Friday, September 25, 2009

This Might Get Loud

Been meaning to write up this review for a while now. I headed down to Houston Street to catch This Might Get Loud as soon as I could. It's a documentary produced by the same people who made "An Inconvenient Truth". Don't worry, it's not politically charged at all.

Basically they get three famous rock guitarists from three different eras together in a room, along with guitars and equipment, and see what happens. The three rock stars are Jimmy Page, The Edge, and Jack White.

It starts off with some sort of vignettes, each of the three by himself, giving random thoughts about music and guitars. They go into each one's very earliest memories from childhood and how they first discovered rock and roll, and guitars in particular. They show some of the oldest film and video clips available. They even get Jimmy Page at about 12 years old, on British TV strumming an acoustic guitar singing skiffle style. The Edge takes you back to his high school and shows you the room where their music teacher let the band, later to be known as U2, learned to play. He showed the bulletin board where he first read the notice that Bono was looking for a guitar player. Jack White takes you to the streets of Detroit, in an Spanish neighborhood, where he and his seven siblings were among the few English speakers still living there. He explains that it was not the Mecca of rock music in the eighties.

The very first scene is Jack White building a make shift electric guitar out of a plank of wood, a coke bottle, a pickup, some string, and a hammer and nails. "Who need to buy a guitar" he muses. The Edge tells you about how he and his brother built an electric guitar from scratch when he was 10 years old, including carving the body and neck, carving grooves for frets, laying the metal frets into those grooves, winding the wire around the magnets to make the pickups...

There are lots of scenes of each of them on their own, in their own element, doing their own process.

Eventually, they all arrive in a sort of studio room... more like a movie studio than a music studio... but all of their own equipment is there, set up by their own people. They all talk about music, guitars, their experience in the business, their process... everything.

At one point you see Jack White and The Edge talking and doing stuff when Jimmy Page starts to rock out some recognizable Zeppelin riff. The two of them almost turn white as their jaws seem to hit the floor. Everything instantly stops as their attention is glued to the rock legend.

There's not nearly enough playing, in my opinion. But there is some... and what they have is good. They all jam out together on Zeppelin's "In My Time of Dying". A great number for fans of gritty slide guitar, which is perfect for Jack White. The Edge puts his own technical, crisp, clean, non-gritty spin on it. Even blindfolded, you would be able to pick out each one's style with no problem. They wrap it up by working out a group version of "The Weight" by The Band.

I learned quite a bit about Jimmy Page. I didn't really know much about him except he was from England and played in The Yardbirds. I had no idea about his life as a studio musician, writing and playing jingles for commercials and movies, as well as Musak.

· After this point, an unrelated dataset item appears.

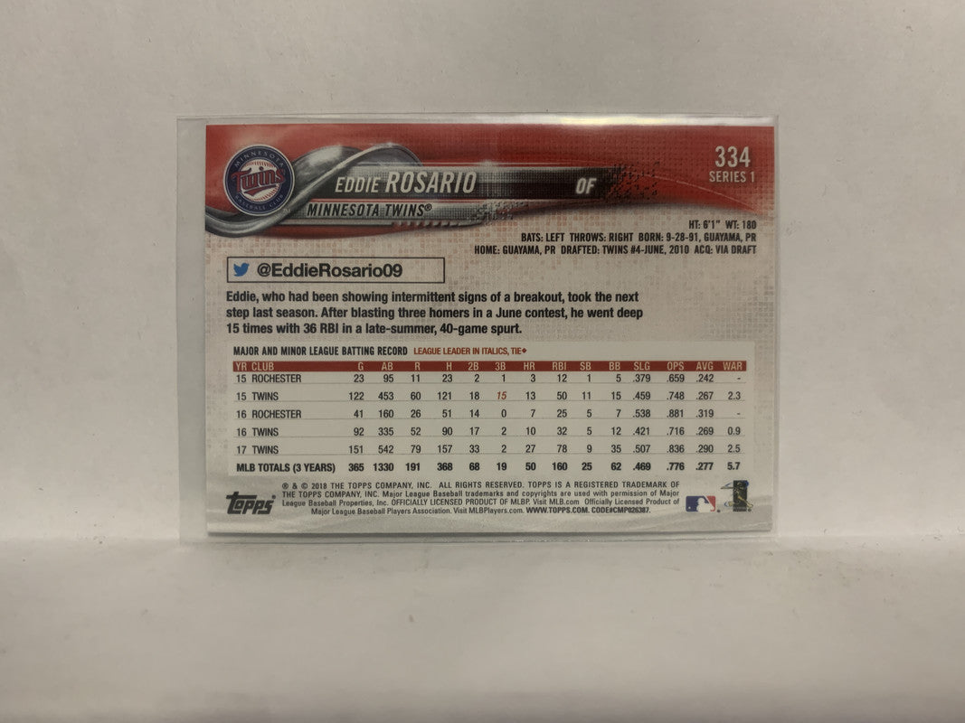 #334 Eddie Rosario Minnesota Twins 2018 Topps Series 1 Baseball Card NZA

I was also incredibly impressed by Jack White and his story. I knew virtually nothing about him... wasn't even sure if his drummer was his wife or what... turns out it's his sister. I wasn't sure if he was all talk, playing up some sort of image, but he comes across as a real and authentic. He talks about having virtually nothing while growing up, but scraping together enough music equipment that his bed couldn't fit in his room anymore, so he slept on a mat on the floor. He loves working with old dented broken, half out of tune guitars and pianos. There are also some almost scary similarities between him and Jimmy Page in some really strange ways... like in the old records they both listened to as kids, and some of the songs they chose to play early on.

If you are a fan of rock guitar, or rock music in general, this is a MUST SEE.

ADDENDUM: It is now November 26, 2011 when I'm looking back at these old blog entries, and I felt I had to add that I have since found out that Jack White's drummer in The White Stripes IS his ex-wife, and NOT his sister. And while I still dig Jack White, I really can't believe a word he says.